The train pulled out of the station just as she tumbled onto the platform. Resignedly she started weaving her way through to the ladies' spot. The next train would be a ten-minute-wait away.
This happened to her with alarming regularity. She attributed it to a well-oiled failure to plan well. She knew how long it would take for her to reach this blasted station from her office. She also knew what time the train was scheduled to arrive and miraculously, it always did arrive at that time. Admittedly mathematics wasn't her strongest suit, but nobody could deny that a simple calculation would reveal to her the time after which lingering around in office wasn't advisable, train-wise.
It is widely acknowledged by experts that doing the same thing repeatedly while expecting different results, amounts to insanity.
She definitely didn't consider herself insane. A failure at planning, yes. Oh, to heck with it, just a failure would suffice.

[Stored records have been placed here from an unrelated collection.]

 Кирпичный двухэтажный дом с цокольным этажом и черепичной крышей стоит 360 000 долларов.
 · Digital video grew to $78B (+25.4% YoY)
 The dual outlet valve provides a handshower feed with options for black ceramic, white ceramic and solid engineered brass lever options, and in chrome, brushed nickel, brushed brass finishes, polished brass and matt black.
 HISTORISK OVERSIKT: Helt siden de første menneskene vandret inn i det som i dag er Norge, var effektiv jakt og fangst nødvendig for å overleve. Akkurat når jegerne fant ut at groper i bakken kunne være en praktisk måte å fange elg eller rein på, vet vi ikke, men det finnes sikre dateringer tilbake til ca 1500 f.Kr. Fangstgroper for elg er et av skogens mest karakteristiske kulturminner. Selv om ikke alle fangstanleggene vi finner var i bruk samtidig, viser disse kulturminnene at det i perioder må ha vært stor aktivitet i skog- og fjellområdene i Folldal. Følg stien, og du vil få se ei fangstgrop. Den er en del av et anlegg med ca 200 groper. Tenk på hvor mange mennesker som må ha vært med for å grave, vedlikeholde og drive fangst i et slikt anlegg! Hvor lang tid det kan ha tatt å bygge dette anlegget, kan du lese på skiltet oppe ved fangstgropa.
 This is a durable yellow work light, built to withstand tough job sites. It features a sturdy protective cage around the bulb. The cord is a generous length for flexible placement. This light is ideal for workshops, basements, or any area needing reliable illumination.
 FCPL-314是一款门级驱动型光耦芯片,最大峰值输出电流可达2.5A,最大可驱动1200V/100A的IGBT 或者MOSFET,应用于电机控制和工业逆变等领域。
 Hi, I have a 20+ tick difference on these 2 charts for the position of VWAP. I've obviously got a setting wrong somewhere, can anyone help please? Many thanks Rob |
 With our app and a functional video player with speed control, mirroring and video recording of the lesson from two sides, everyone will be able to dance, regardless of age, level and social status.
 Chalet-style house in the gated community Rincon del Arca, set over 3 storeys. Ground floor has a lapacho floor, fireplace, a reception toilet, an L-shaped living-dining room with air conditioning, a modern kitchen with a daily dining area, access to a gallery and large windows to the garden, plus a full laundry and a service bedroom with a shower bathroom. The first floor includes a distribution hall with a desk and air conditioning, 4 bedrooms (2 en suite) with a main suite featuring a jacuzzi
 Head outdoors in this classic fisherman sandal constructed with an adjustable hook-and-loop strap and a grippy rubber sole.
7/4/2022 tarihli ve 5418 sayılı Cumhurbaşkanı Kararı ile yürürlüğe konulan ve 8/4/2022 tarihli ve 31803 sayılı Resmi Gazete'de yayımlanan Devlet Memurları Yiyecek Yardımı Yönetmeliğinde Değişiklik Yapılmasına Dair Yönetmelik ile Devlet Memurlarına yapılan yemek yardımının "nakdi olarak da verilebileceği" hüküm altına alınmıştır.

She got to the ladies' section and looked around for some space to sit. The area seemed well-packed with women of every shape and size. Innocuous-looking, the layman would have confused them with working girls, students, fisherwomen and the like, gathered for a spot of train travel. But she knew better. These were battle-ready women. Train-catching - a sport, nay, a means of survival in this break-neck city where the old refrain of Time being equal to Money came alive with disastrous results.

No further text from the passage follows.